▶ [Dataset excerpts]
-- Opening Marker --
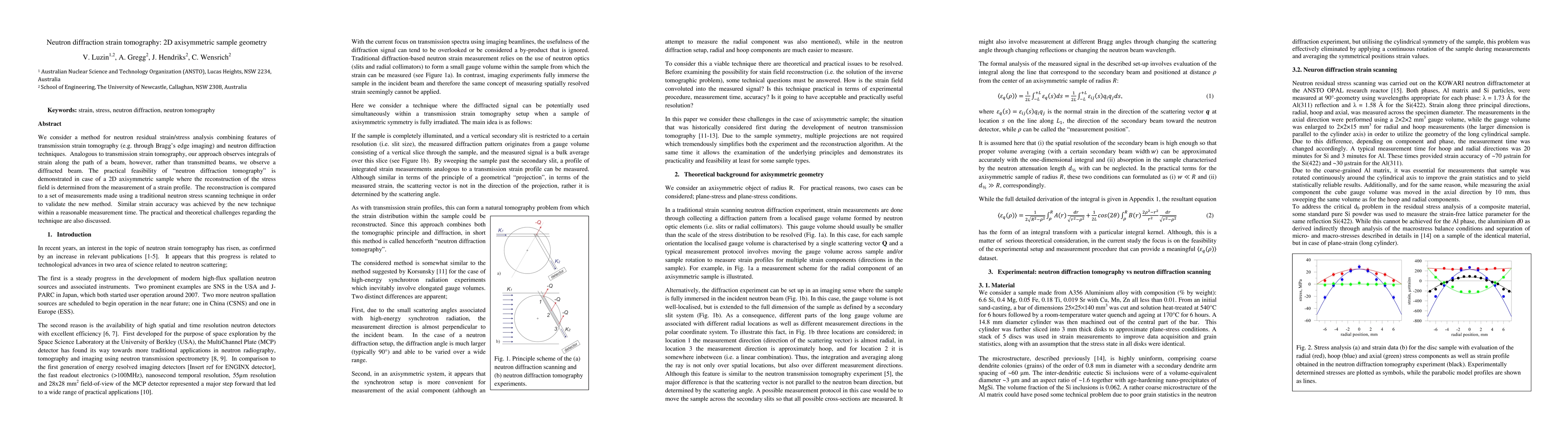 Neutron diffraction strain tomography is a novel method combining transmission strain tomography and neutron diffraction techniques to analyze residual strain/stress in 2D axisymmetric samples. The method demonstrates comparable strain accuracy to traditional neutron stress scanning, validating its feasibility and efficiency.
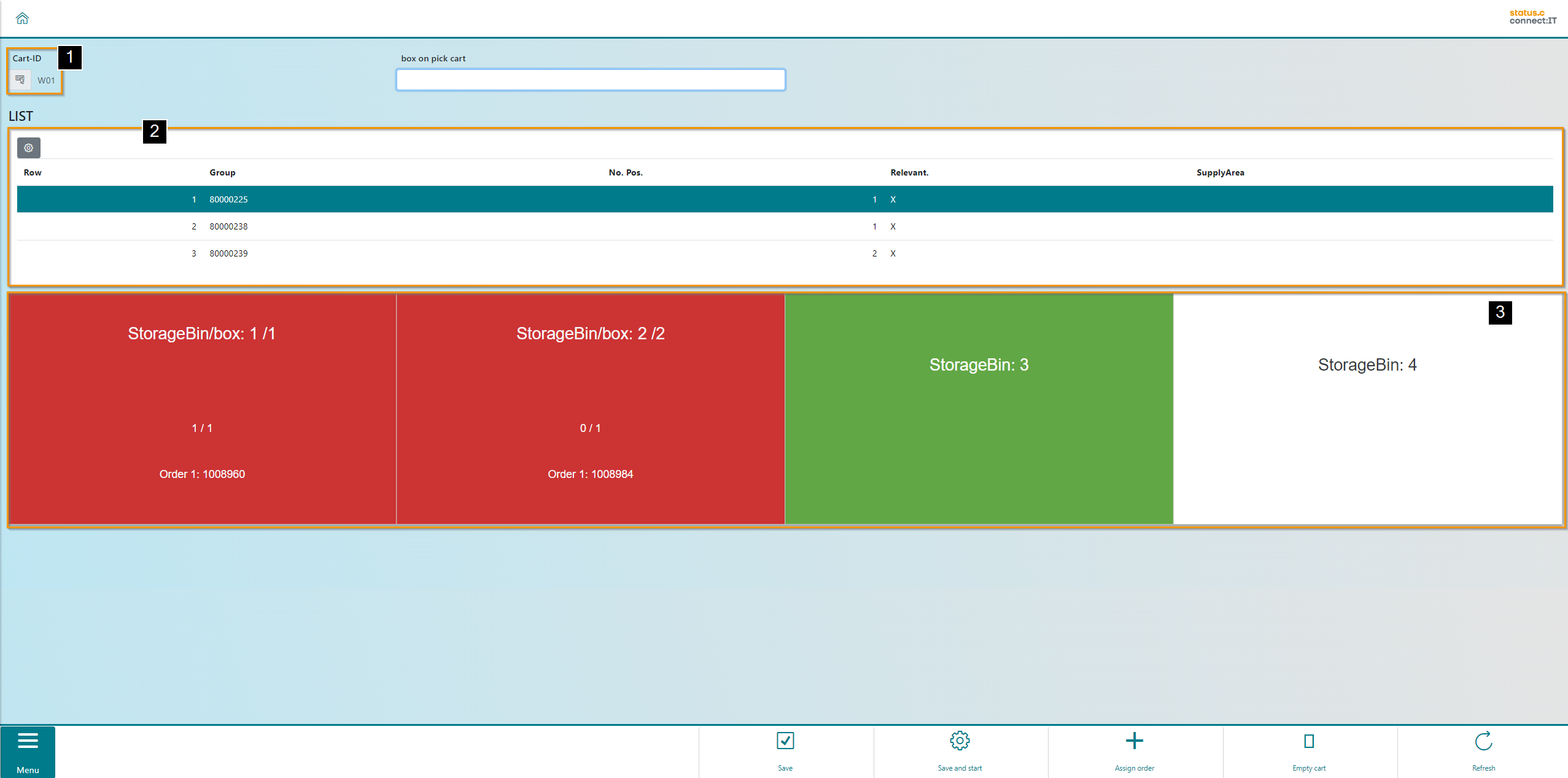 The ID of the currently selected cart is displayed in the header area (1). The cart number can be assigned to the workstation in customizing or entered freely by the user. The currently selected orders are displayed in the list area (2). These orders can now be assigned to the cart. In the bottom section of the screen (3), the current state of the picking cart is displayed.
-- Closing Marker --
-- Opening Marker --
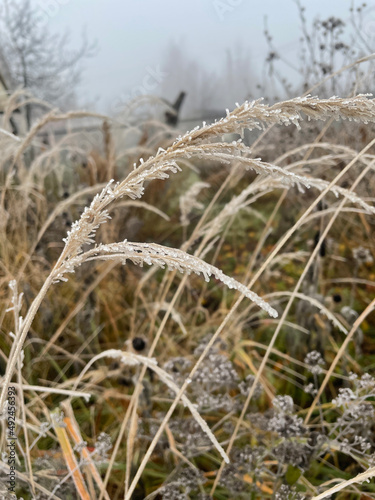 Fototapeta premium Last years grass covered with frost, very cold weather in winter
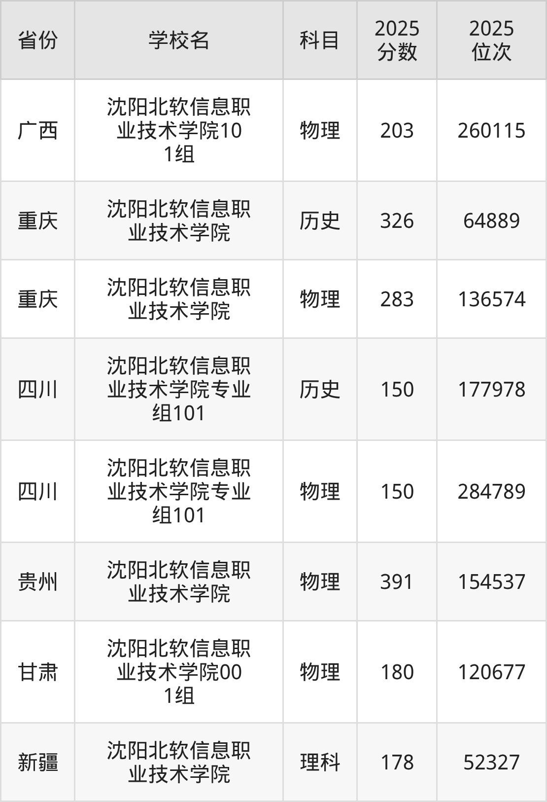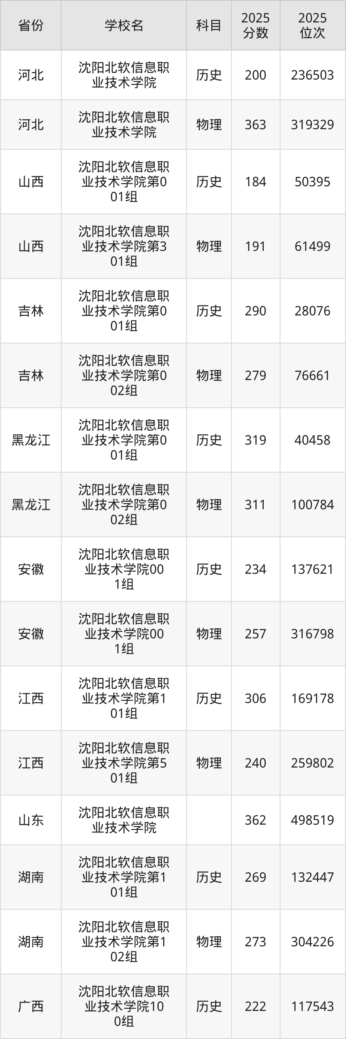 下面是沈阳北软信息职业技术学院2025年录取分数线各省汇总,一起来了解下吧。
-- Closing Marker --
▶ [Goal of the exercise] Whatever pictures the records hold, omit them; give again exactly the lines from the one containing "Neutron diffraction strain" through the one containing "The ID of the".

▶ [The completed task]
 Neutron diffraction strain tomography is a novel method combining transmission strain tomography and neutron diffraction techniques to analyze residual strain/stress in 2D axisymmetric samples. The method demonstrates comparable strain accuracy to traditional neutron stress scanning, validating its feasibility and efficiency.
 The ID of the currently selected cart is displayed in the header area (1). The cart number can be assigned to the workstation in customizing or entered freely by the user. The currently selected orders are displayed in the list area (2). These orders can now be assigned to the cart. In the bottom section of the screen (3), the current state of the picking cart is displayed.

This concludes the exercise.